Ian Slattery reviews the Coup’s sixth album, Sorry to Bother You.

Two decades since their first LP, the Coup return from a six year break with this album which was held back a year so lead member Boots Riley could concentrate on being a key organiser of Occupy Oakland.

They lay their musical cards clearly on the table, taking cues from the agitational 80s/90s hip-hop sound of groups like Public Enemy while infusing a thick layer of funk.

Lyrically, Sorry to Bother You again puts the Coup’s anti-capitalist message through dark humour, poetry and a Marxist understanding of the economy. One track, Strange Arithmetic, calls on teachers to reveal the true nature of capitalist exploitation and corruption:

“Economics is the symphony of hunger and theft/

Mortar shells often echo out the cashing of checks/

In geography class, it’s borders, mountains and rivers/

But they will never show the line between the takers and givers”

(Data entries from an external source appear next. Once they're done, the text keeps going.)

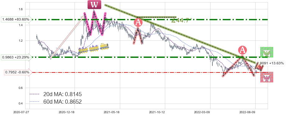 ♘ 阻力价格位0.9863,可信任强度83.14%,距离最后交易2022-08-12形成的收盘价格0.8000相差 +23.29%
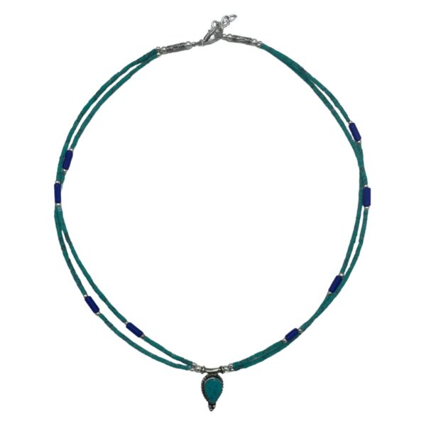 Adorn yourself with the exquisite elegance of the Nepalese Extra Fine Two Line Necklace, featuring a stunning Lapis and Malachite pendant. This unique piece is a true testament to artisanal craftsmanship, bringing together the beauty of natural gemstones in a harmonious design.
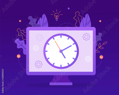 Canvas Prints time to work. the big clock on the computer monitor. time management concept. flat vector illustrati
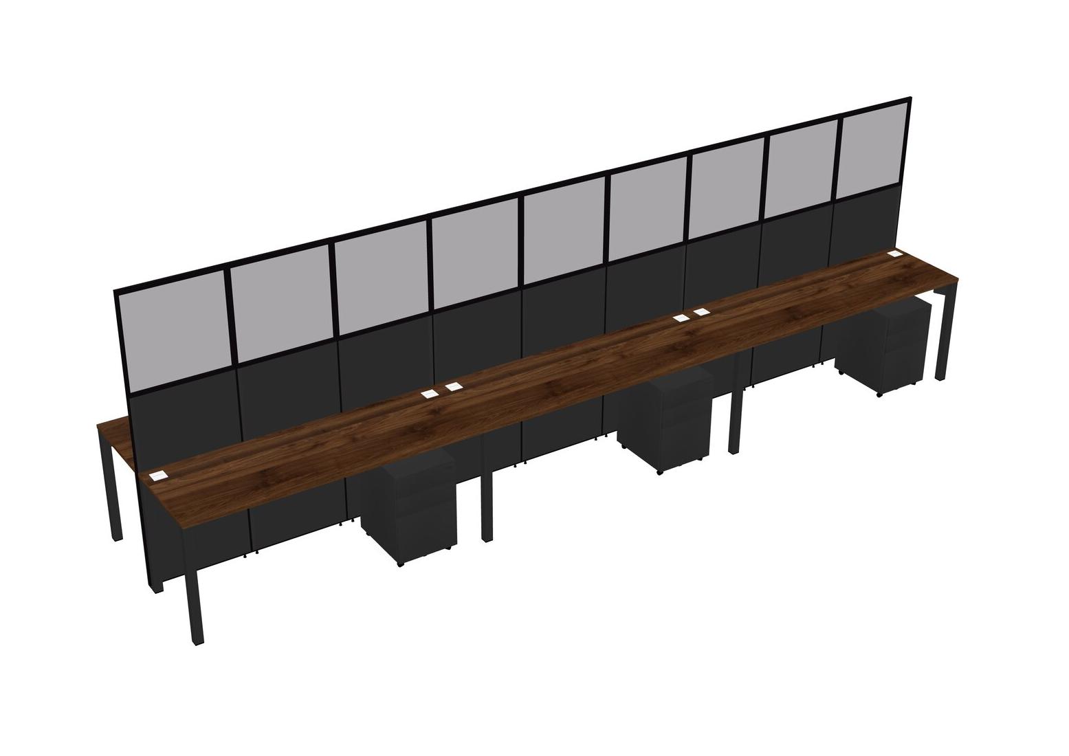 Columbia Walnut Shared Rectangular Office Cubicle Panel System With Mobile Drawers For 6 Persons
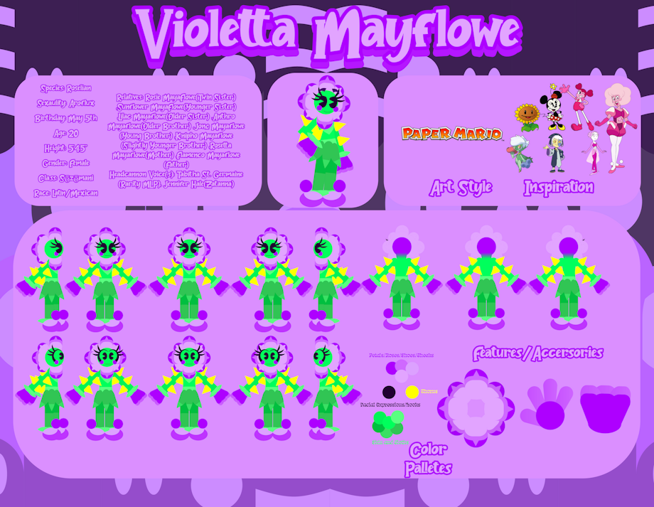 Rosie MayeFlowe (Twin Sister), Sunflower MayeFlowe (Younger Sister), Lilac Mayeflowe (Older Sister), Anthro Mayeflowe (Older Brother), Jonq Mayeflowe (Young Brother), Knipho Mayeflowe (Slightly Younger Brother), Rosetta Mayeflowe (Mother), Flamenco Mayeflowe (Father)
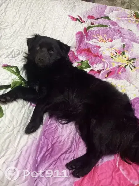 Черная, маленькое белое пятно на груди. Собака не большая, по размеру примерно как бигль, молодая зубы без камня, воспитанная, знает команды, комнатная. Предпочитает корм. Помыла, обработала от клеща. Оставила на улице.
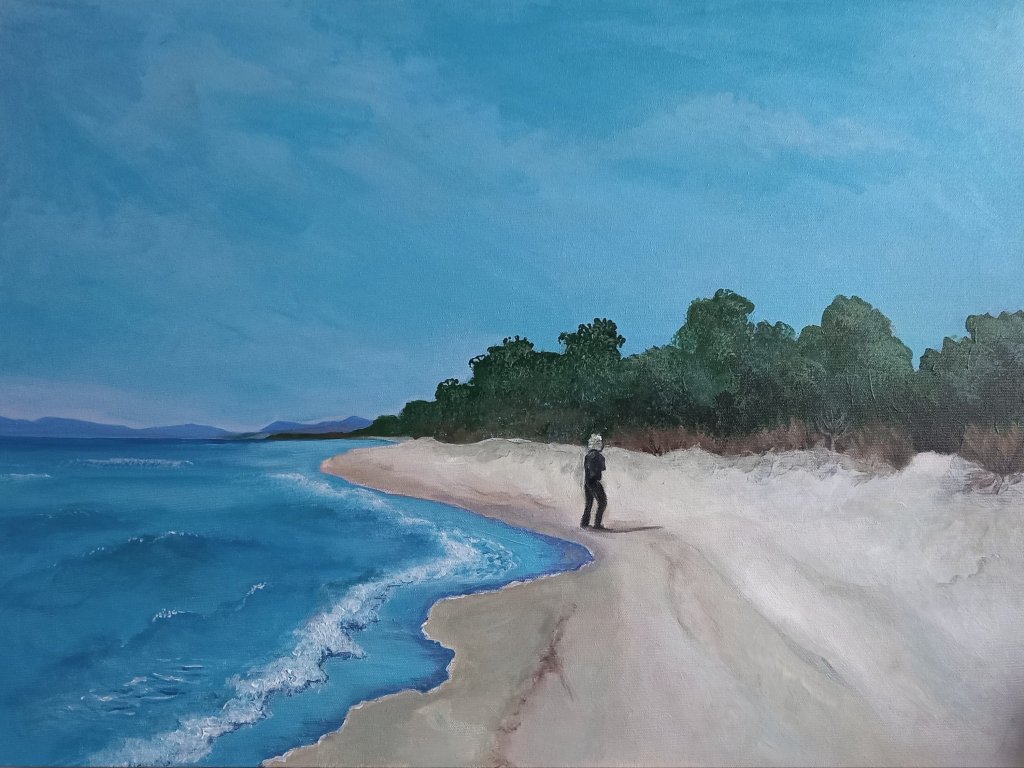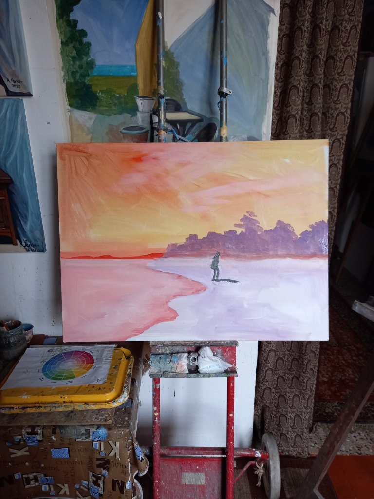 After that I checked out some paintings on Google and found one very similar to a photo I took of James on the beach several years ago. It was priced at €700. I reckoned I could do a very satisfactory painting using my photo and I wouldn’t be charging €700.
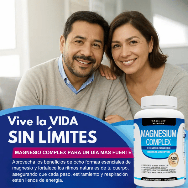 El Magnesio Complex 8.0 de Toplux Nutrition es un suplemento completo que combina 8 formas de magnesio elemental para garantizar:
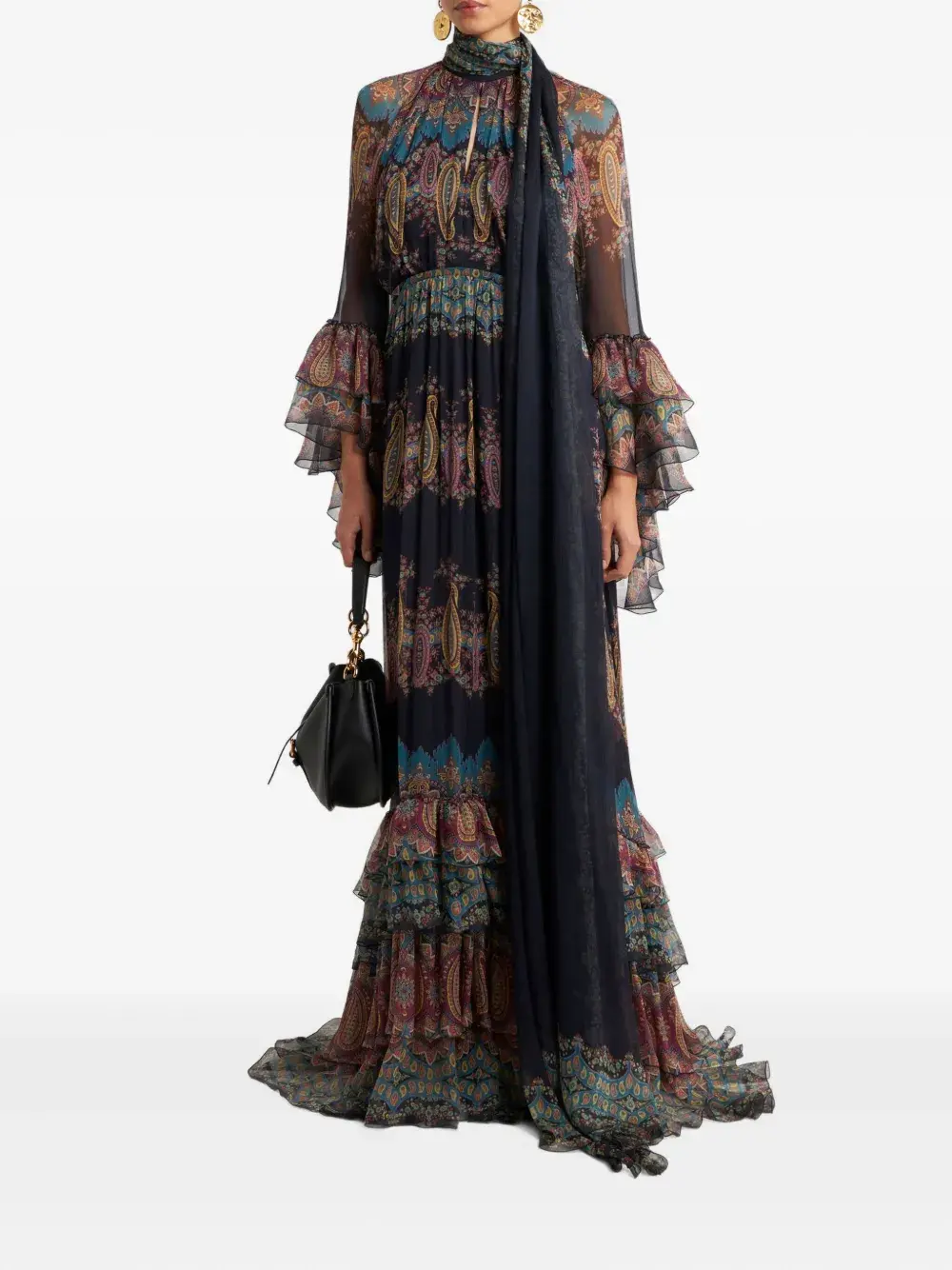 Платье макси с оборками и принтом пейсли ETRO, синий

Boots has pulled his rhymes up to a higher level than the Coup’s last two albums which were more inconsistent than their first three. With We’ve Got A Lot To Teach You, Cassius Green, Boots has written a poetic, narrative masterpiece.

Musically, since the Coup’s last album Boots has formed Street Sweeper Social Club with Tom Morello from Rage Against the Machine and toured with rock veterans.

With heavy guitar riffs and a punk track in You Are Not A Riot, the album has as much in common musically with the Clash’s later albums as with hip-hop.

This might throw off die-hard Coup fans but the result is a more accessible, driven album with their constant message of rebellion just as strong.